5

These inscriptions of Jayavarman are the last which tell us anything about the religion of mediæval Camboja but we have a somewhat later account from the pen of Chou Ta-kuan, a Chinese who visited Angkor in 1296[313]. He describes the temple in the centre of the city, which must be the Bayon, and says that it had a tower of gold and that the eastern (or principal) entrance was approached by a golden bridge flanked by two lions and eight statues, all of the same metal. The chapter of his work entitled "The Three Religions," runs as follows, slightly abridged from M. Pelliot's version.

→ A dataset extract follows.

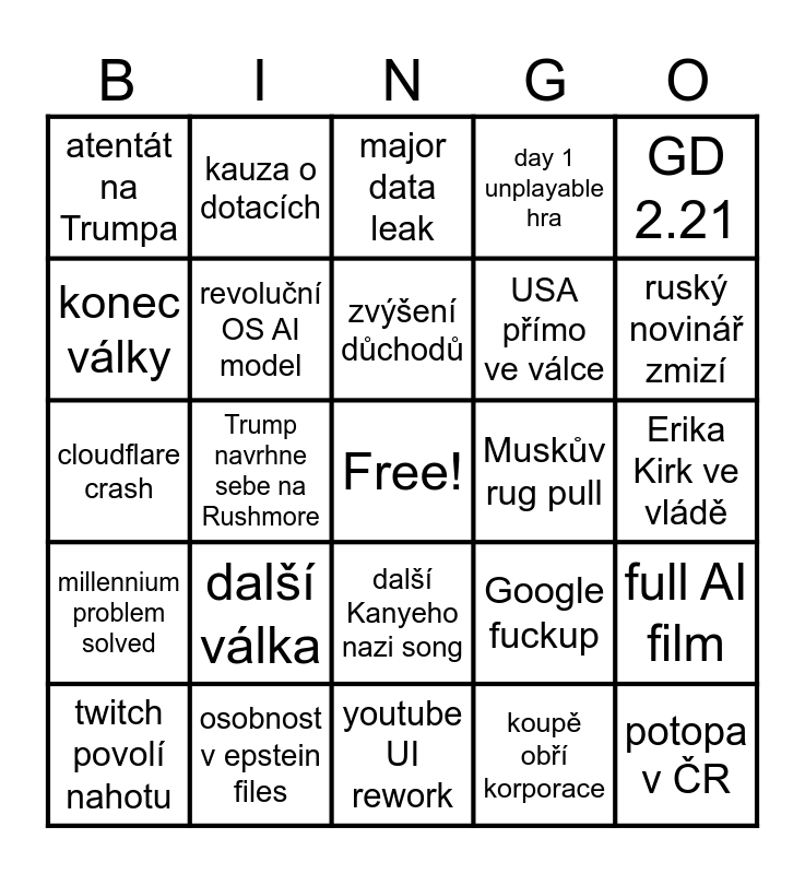 This bingo card has a free space and 24 words: další válka, osobnost v epstein files, zvýšení důchodů, twitch povolí nahotu, GD 2.21, atentát na Trumpa, konec války, kauza o dotacích, Muskův rug pull, další Kanyeho nazi song, USA přímo ve válce, cloudflare crash, Google fuckup, full AI film, revoluční OS AI model, koupě obří korporace, Erika Kirk ve vládě, major data leak, ruský novinář zmizí, Trump navrhne sebe na Rushmore, potopa v ČR, millennium problem solved, day 1 unplayable hra and youtube UI rework.

"The literati are called Pan-ch'i, the bonzes Ch'u-ku and the Taoists Pa-ssŭ-wei. I do not know whom the Pan-ch'i worship. They have no schools and it is difficult to say what books they read. They dress like other people except that they wear a white thread round their necks, which is their distinctive mark. They attain to very high positions. The Ch'u-ku shave their heads and wear yellow clothes. They uncover the right shoulder, but the lower part of their body is draped with a skirt of yellow cloth and they go bare foot. Their temples are sometimes roofed with tiles. Inside there is only one image, exactly like the Buddha Śâkya, which they call Po-lai ( = Prah), ornamented with vermilion and blue, and clothed in red. The Buddhas of the towers (? images in the towers of the temples) are different and cast in bronze. There are no bells, drums, cymbals, or flags in their temples. They eat only one meal a day, prepared by someone who entertains them, for they do not cook in their temples. They eat fish and meat and also use them in their offerings to Buddha, but they do not drink wine. They recite numerous texts written on strips of palm-leaf. Some bonzes have a right to have the shafts of their palanquins and the handles of their parasols in gold or silver. The prince consults them on serious matters. There are no Buddhist nuns.

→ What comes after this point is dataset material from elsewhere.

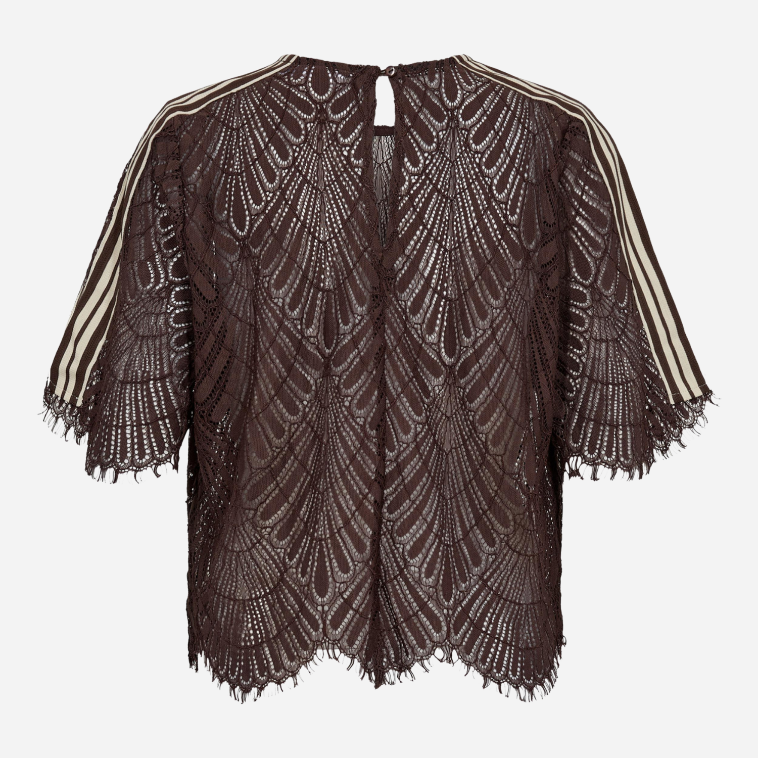 Kortærmet brun lace bluse fra Co Couture med striber.

"The Pa-ssŭ-wei dress like everyone else, except that they wear on their heads a piece of red or white stuff like the Ku-ku worn by Tartar women but lower. Their temples are smaller than those of the Buddhists, for Taoism is less prosperous than Buddhism. They worship nothing but a block of stone, somewhat like the stone on the altar of the God of the Sun in China. I do not know what god they adore. There are also Taoist nuns. The Pa-ssŭ-wei do not partake of the food of other people or eat in public. They do not drink wine.

"Such children of the laity as go to school frequent the bonzes, who give them instruction. When grown up they return to a lay life.

"I have not been able to make an exhaustive investigation."

Elsewhere he says "All worship the Buddha" and he describes some popular festivals which resemble those now celebrated in Siam. In every village there was a temple or a Stûpa. He also mentions that in eating they use leaves as spoons and adds "It is the same in their sacrifices to the spirits and to Buddha."

Chou Ta-kuan confesses that his account is superficial and he was perhaps influenced by the idea that it was natural there should be three religions in Camboja, as in China. Buddhists were found in both countries: Pan-ch'i no doubt represents Paṇḍita and he saw an analogy between the Brahmans of the Cambojan Court and Confucian mandarins: a third and less known sect he identified with the Taoists. The most important point in his description is the prominence given to the Buddhists. His account of their temples, of the dress and life of their monks[314] leaves no doubt that he is describing Hinayanist Buddhism such as still nourishes in Camboja. It probably found its way from Siam, with which Camboja had already close, but not always peaceful, relations. Probably the name by which the bonzes are designated is Siamese[315]. With Chou Ta-kuan's statements may be compared the inscription of the Siamese King Râma Khomhëng[316] which dwells on the nourishing condition of Pali Buddhism in Siam about 1300 A.D. The contrast indicated by Chou Ta-kuan is significant. The Brahmans held high office but had no schools. Those of the laity who desired education spent some portion of their youth in a Buddhist monastery (as they still do) and then returned to the world. Such a state of things naturally resulted in the diffusion of Buddhism among the people, while the Brahmans dwindled to a Court hierarchy. When Chou Ta-kuan says that all the Cambojans adored Buddha, he probably makes a mistake, as he does in saying that the sculptures above the gates of Angkor are heads of Buddha. But the general impression which he evidently received that everyone frequented Buddhist temples and monasteries speaks for itself. His statement about sacrifices to Buddha is remarkable and, since the inscriptions of Jayavarman VII speak of sacrificers, it cannot be rejected as a mere mistake. But if Hinayanist Buddhism countenanced such practices in an age of transition, it did not adopt them permanently for, so far as I have seen, no offerings are made to-day in Cambojan temples, except flowers and sticks of incense.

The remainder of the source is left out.